On March 16, two weeks into his Iran war, President Trump assured reporters that he had the Strait of Hormuz problem well in hand. “And we’re hammering their capacity to threaten commercial shipping in the Strait of Hormuz, with more than 30 mine-laying ships destroyed,” he said. “We hit, to the best of our knowledge, all of their mine-laying ships.”
On March 31, the national average price of gasoline at the pump surpassed $4, the highest level since the post-pandemic shocks of 2022. One-fifth of the world’s oil and liquefied natural gas usually flows through the strait, but hasn’t since Iran began impeding the waterway in early March. Yet Trump continues to insist that Iran’s partial closure of the strait isn’t a problem. Markets don’t agree with Trump, and neither do his poll numbers.
How did Trump get Hormuz so wrong? The answer reveals one of Trump’s most characteristic and most fateful mistakes: his steadfast refusal to acknowledge that Americans live in a world economy.
Here he is on March 16 again: “You know, we get less than 1 percent of our oil from the strait. And, uh, some countries get much more. Japan gets 95 percent. China gets 90 percent. Many of the Europeans get quite a—quite a bit.” These specific numbers are, as you might suspect, wrong. China gets about 40 percent of its oil from the Persian Gulf. Still, the general point is correct. Gulf oil flows mostly to Asia, and vanishingly little goes to North America. But what Trump fails to understand is that these geographic details matter little to world energy markets.

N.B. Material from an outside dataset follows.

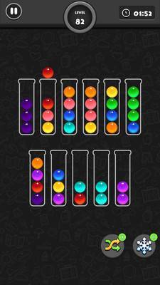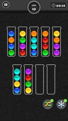 一款休闲游戏,采用经典的分类玩法来打造游戏的玩法,在试管中会有颜色不同的小球放在其中,玩家需要将这些小球放在放在不同的试管中,完成所有的分类任务,快点下载游戏吧!

Trump wishes for a United States economy walled off from the rest of the world. That’s why he loves tariffs so much—and why he refuses to think about what they mean to American producers, who now must pay more for inputs such as aluminum.
But with energy, there is no walling off. Most of America’s oil and gas is produced in the United States. American imports come overwhelmingly from Canada and Mexico. But American oil can be put on a tanker and sent to Japan or the European Union if the price across the ocean rises. The global process of buying and selling equalizes prices worldwide. Walling off the U.S. would mean America would have to stop exporting and importing oil. Trump does not want to do that. In fact, he endlessly urges other countries to buy more American oil and gas. As he said in his March 31 comments: “Buy from the U.S.; we have plenty.”

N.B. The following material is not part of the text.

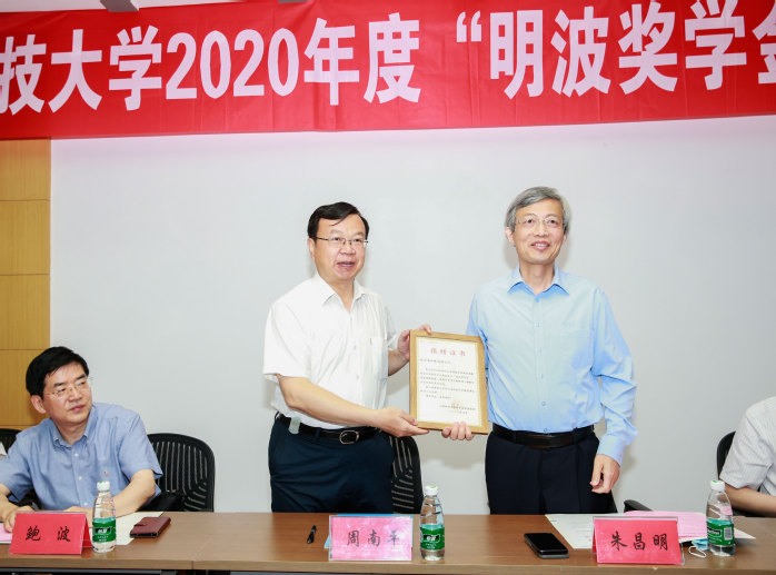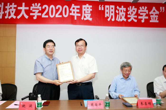 5月25日上午,學校在東校區舉行2020年“明波獎學金”頒獎儀式,獎學金設立人、我校1983屆杰出校友朱昌明和鮑波親臨頒獎現場,校長周南平、副校長湯建出席頒獎儀式,頒獎儀式由對外合作處處長佘建國主持。

Trump’s inability to comprehend the relevance of Persian Gulf supplies to American motorists may explain how he stumbled into his Iran war in the first place. A threat to the Strait of Hormuz may be the most war-gamed problem in the whole U.S. military inventory. It’s thorny enough to have deterred American presidents from attacking Iran for nearly 50 years, no matter how provocatively Iran behaved.
“No president was willing to do what I am willing to do tonight,” Trump announced as the first bombs dropped on February 28. But why did Trump go where every other leader had declined to tread? Maybe he was the first president to see this war as an answer because he was the first who did not understand the question.